Scientific classification
- Kingdom: Animalia
- Phylum: Chordata
- Class: Aves
- Order: Passeriformes
- Family: Turdidae
- Genus: Myadestes
- Species: M. coloratus
- Binomial name: Myadestes coloratus Nelson, 1912

= Varied solitaire =

- Genus: Myadestes
- Species: coloratus
- Authority: Nelson, 1912
- Conservation status: NT

Species of bird

The varied solitaire (Myadestes coloratus) is a Near Threatened species of bird in the family Turdidae, the thrushes. It is found in Colombia and Panama.

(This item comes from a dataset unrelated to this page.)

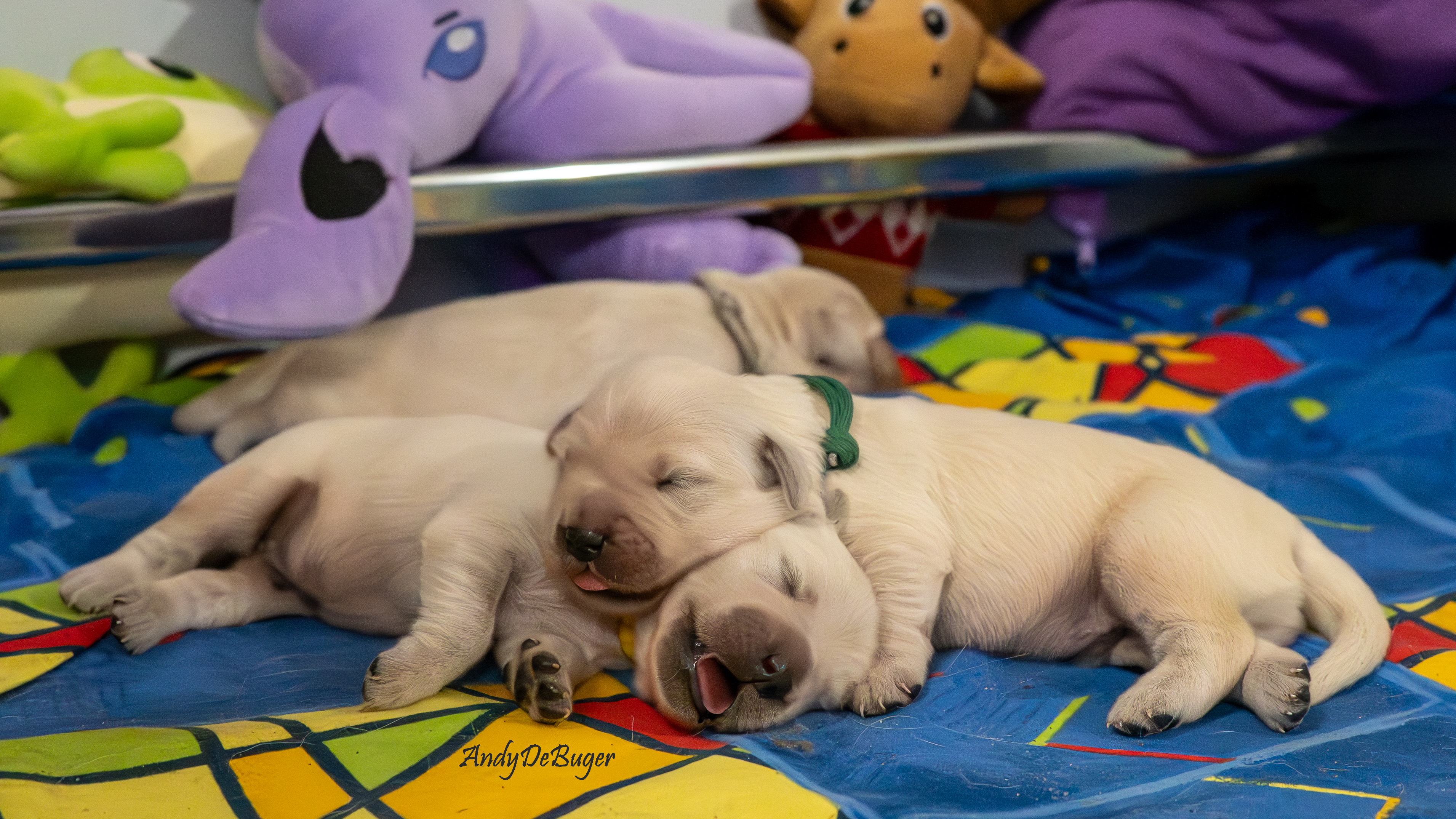 Szczeniaczki, tj. 4 chłopców i 1 dziewczynka urodziły się późnym niedzielnym wieczorem 10 marca 2024 roku. Jest to zarazem pierwszy miot Aryi, jak i nasz debiut w roli psich rodziców. Mama, to nasza perełka o wielkim serduszku, Lemon to młody temperamentny samiec. Oboje są radośni i przyjaźni, kochają ludzi. Ich walory docenili również sędziowie, bo zarówno Arya // PURPLE PAPAYA Bloomingen Gold jak i Lemon // Irving Diamond Retrievers From Korol posiadają tytuły Championa Polski oraz Grand Championa Polski.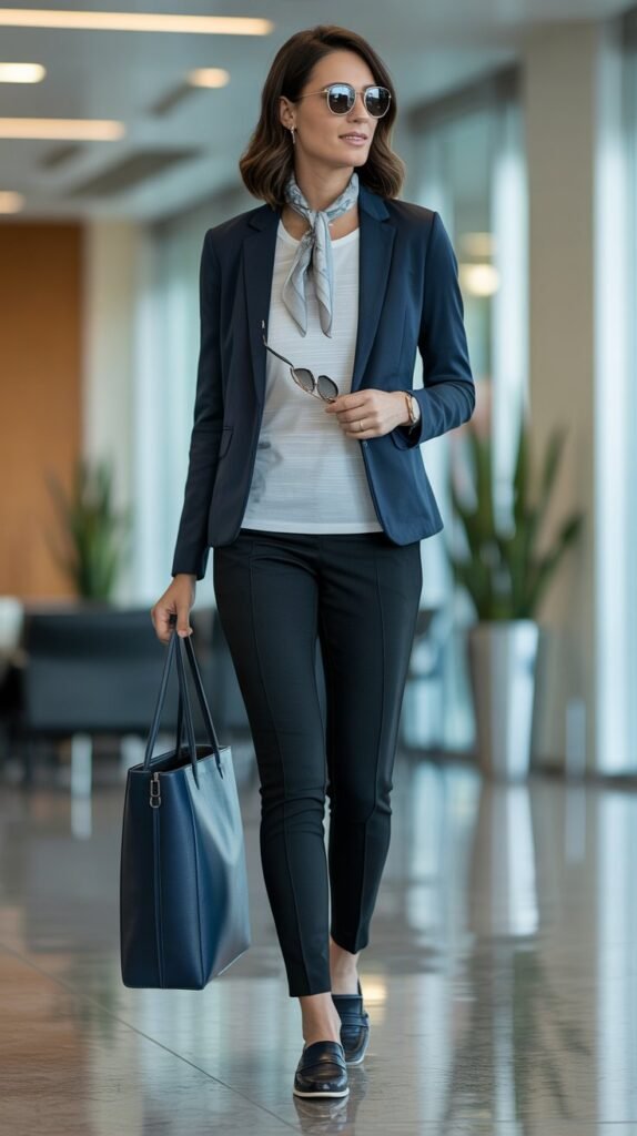 Travel days shouldn’t sacrifice polish. This outfit focuses on wrinkle-resistant fabrics and smart layers. You’ll deplane ready to lead a meeting, not hunt an iron.

==Taxonomy and systematics==

The varied solitaire was originally described in 1912 with its current binomial Myadestes coloratus and English name. During the middle of the twentieth century several authors treated what are now the varied solitaire, the black-faced solitaire (M. malanops), and Andean solitaire (M. ralloides) as conspecific. They are not well differentiated and form a superspecies.

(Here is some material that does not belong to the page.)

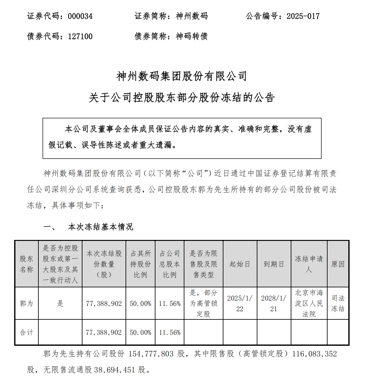 2024年,郭为在北京市海淀区人民法院起诉前妻郭郑俐,请求判令离婚并进行财产分割。2025年1月,北京市海淀区人民法院对郭为持有的约7739万股神州数码股份实施司法冻结,占其所持股份的50%、占公司总股本的11.56%,其中部分为高管锁定股,冻结期限为2025年1月22日至2028年1月21日。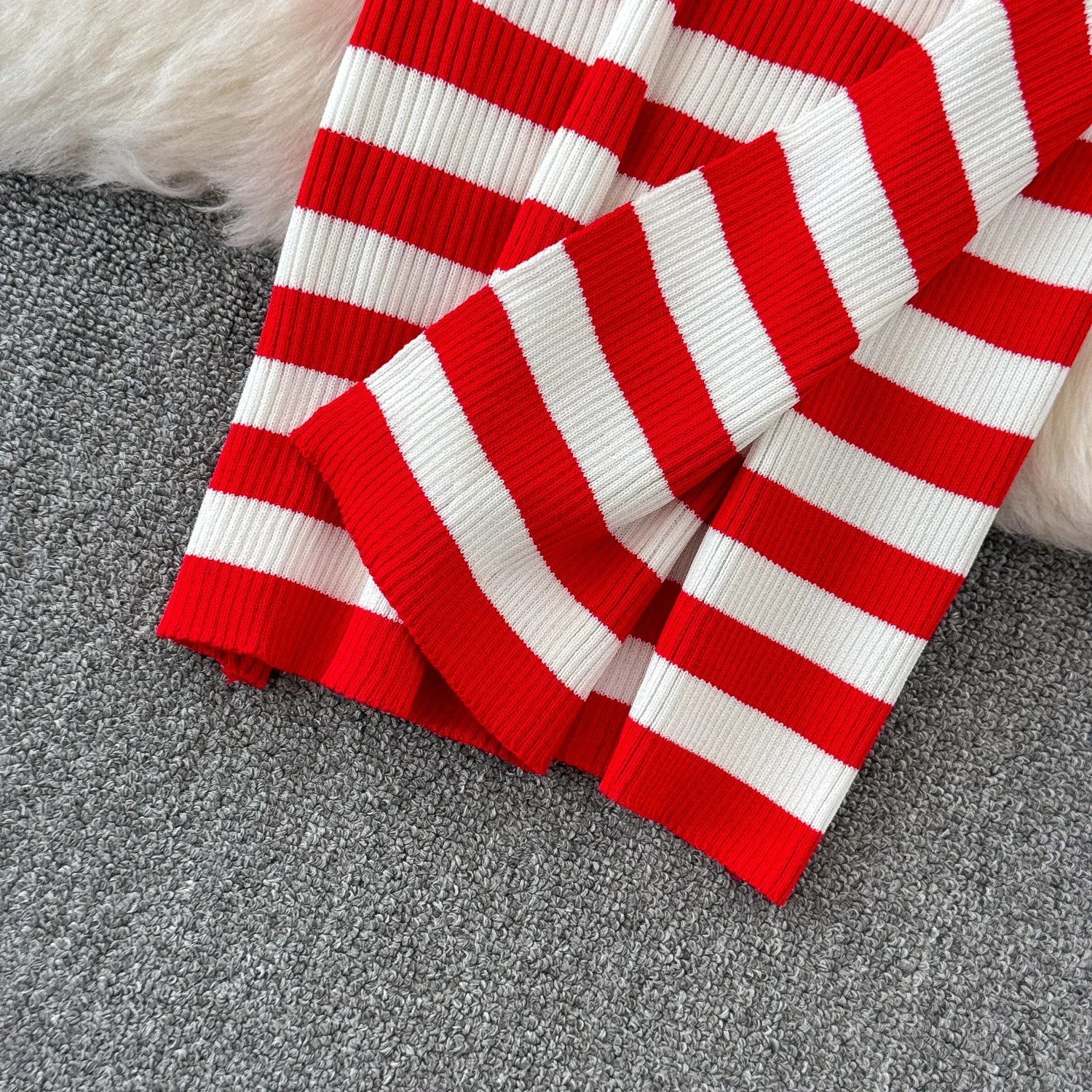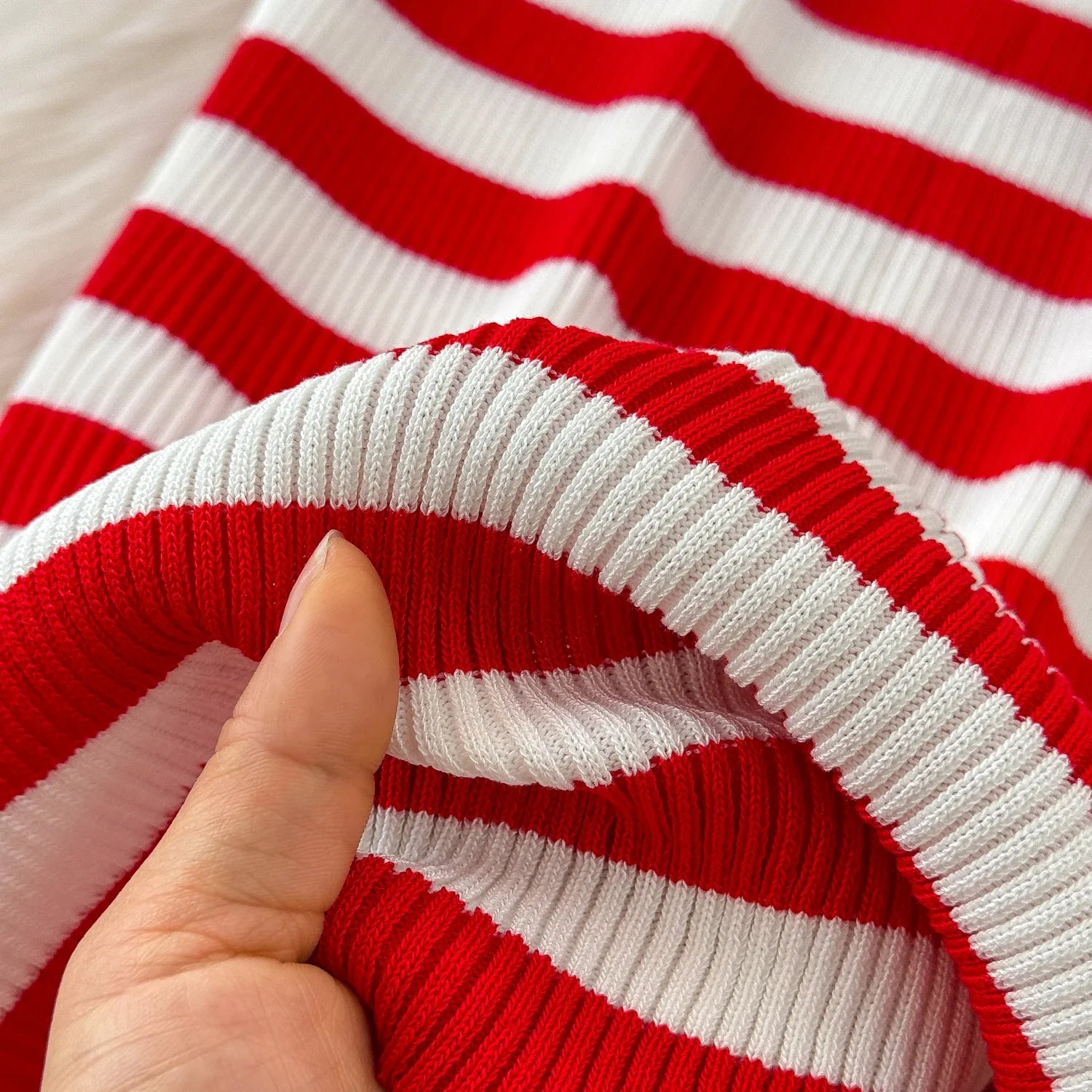 Strip Ins Fashion Sexy Package Hips Bodycon Dress Lady Embroidery Stripes Knitted Spaghetti Straps Outfits Long Women Dress

The varied solitaire is monotypic.

==Description==

The varied solitaire is 16 to 18 cm long and weighs 24 to 34 g. The sexes have the same plumage. Adults have a smudgy blackish forehead, face, and chin on an otherwise pale slate-gray head and neck. Their back, rump, and uppertail coverts are warm brown. Their wings have warm brown upperwing coverts and blackish primary coverts and flight feathers. Their tail is blackish with paler outer feathers and pale gray feather tips. Their underparts are pale slate-gray. They have a yellow bill and yellow legs and feet. Juveniles have olive-brown upperparts with whitish and buffy streaks and spots, a black tail, and brownish underparts with white spots.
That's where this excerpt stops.